Neither the cancer center nor the nursing home had lasting radioactive contamination, as the iridium stayed contained in the pellet.

== Secondary incident ==
A second, unrelated incident occurred on December 7, 1992, at the Greater Pittsburgh Cancer Center in Pittsburgh, Pennsylvania. This case also involved the snapping of the source wire, but the medical physicist attending the patient promptly reacted to the alarm by removing the source with forceps and placing it in a shielded container. No radiological consequences resulted.

== Causes ==
A report by the US Nuclear Regulatory Commission concluded Omnitron's testing for source wires was insufficient. They did not perform metallurgical testing on the wires to ensure they were free of impurities, nor did they calculate tensile or shear stresses that the wire would be subjected to. The wire, made of a nickel-titanium shape-metal alloy, may also have been embrittled by a dilute hydrogen fluoride solution created by the teflon packaging in which the wire was shipped. In late September 1992 (2–3 months before the incidents), Omnitron replaced the teflon lining with stainless steel, as the teflon was visibly degraded where it was in contact with the source wire. This was treated primarily as a durability concern for the teflon, and Omnitron did not test the source wire for potential damage; source wires packaged prior to the switch were still in use and assumed safe.

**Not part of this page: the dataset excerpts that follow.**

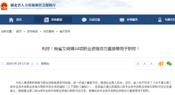 除了以上地區(qū),湖北省也有建立34項(xiàng)專業(yè)技術(shù)類職業(yè)資格與職稱對(duì)應(yīng)關(guān)系,已明確這些專業(yè)技術(shù)類職業(yè)資格等同于職稱。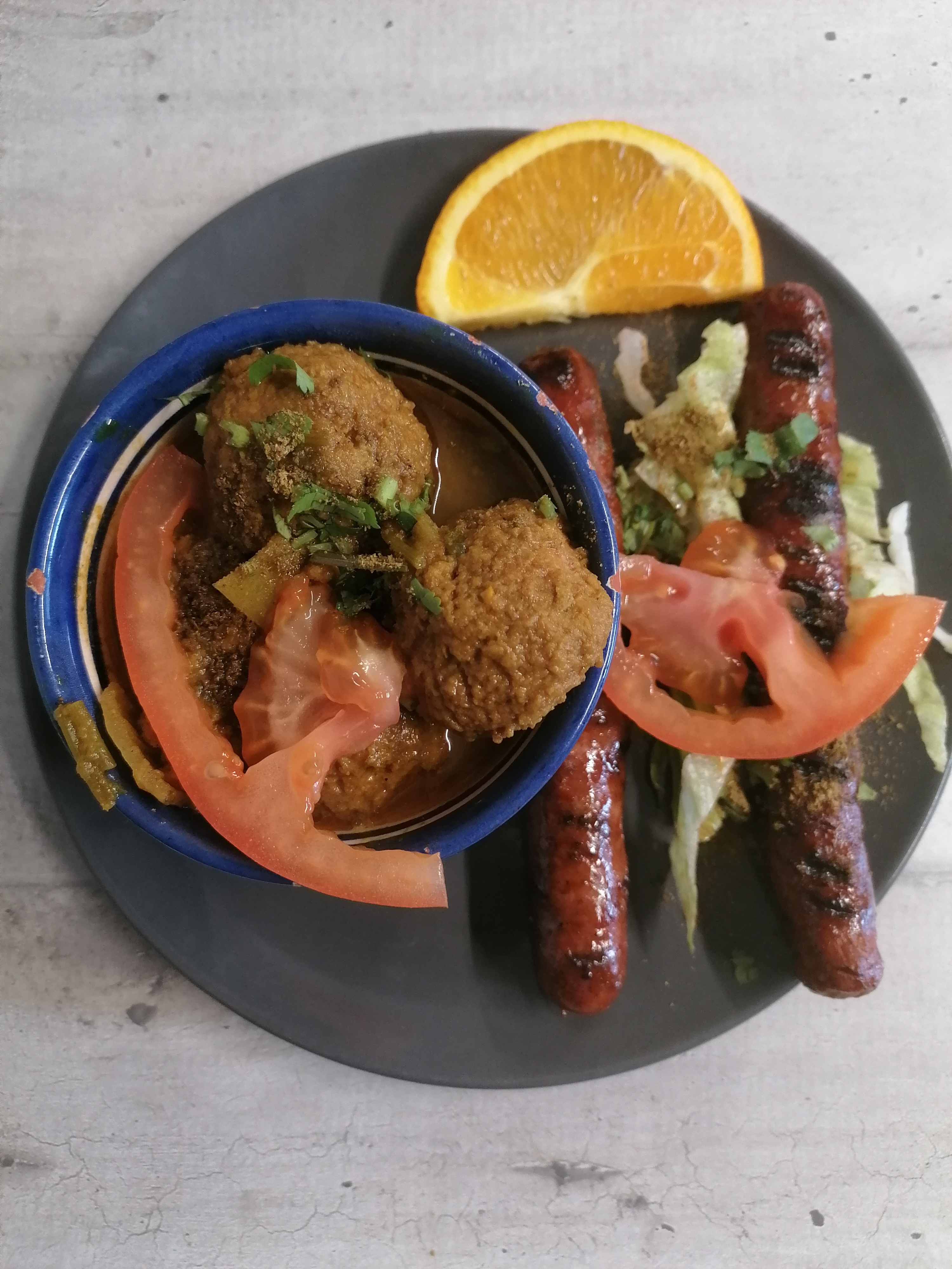 C'est une première découverte pour nous qui avions l'habitude de manger au restaurant des Deux Palmiers. Accueil très chaleureux, très bon service, copieux. Le cadre est très sympathique. Le couscous très bien mais le bouillon avec les légumes manquent un peu de goût 😞. La semoule très bonne, la viande d'agneau excellente. Les boulettes a revoir bof sans plus... Merguez et brochettes très bien 👍. Le dessert orange Marocaine ben vraiment pas goûteux, manque de saveur dommage.... Le vin de rosé Guerrouane est excellent 👏❤️👍 s'accompagne très bien avec le couscous. Pas vraiment déçu du restaurant mais quelques corrections à faire. Bouillon avec légumes et boulettes.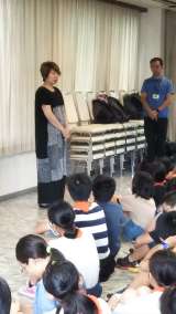 3日目の朝会です。小雨のため、ホールで行いました。子どもたちは、皆元気です。「最...

== Regulatory consequences ==
At the time of the incident, there were no regulatory guidelines for radiation safety in the waste disposal industry. Although similar rules existed for the steel and scrap-metal industry, which had experienced previous radioactive scrap metal incidents, waste disposal was under-regulated. BFI's aggressive radiation-monitoring program was likely the only reason the waste was not incinerated. Even with these company-specific measures, the waste was still transported a significant distance across state lines, and no government agency was made aware of the incident for four days after the initial discovery of the material. The case also raised doubt about the cancer center's safety protocols. The radiation oncologist involved was barred from NRC-licensed activities for safety violations both related and unrelated to the case.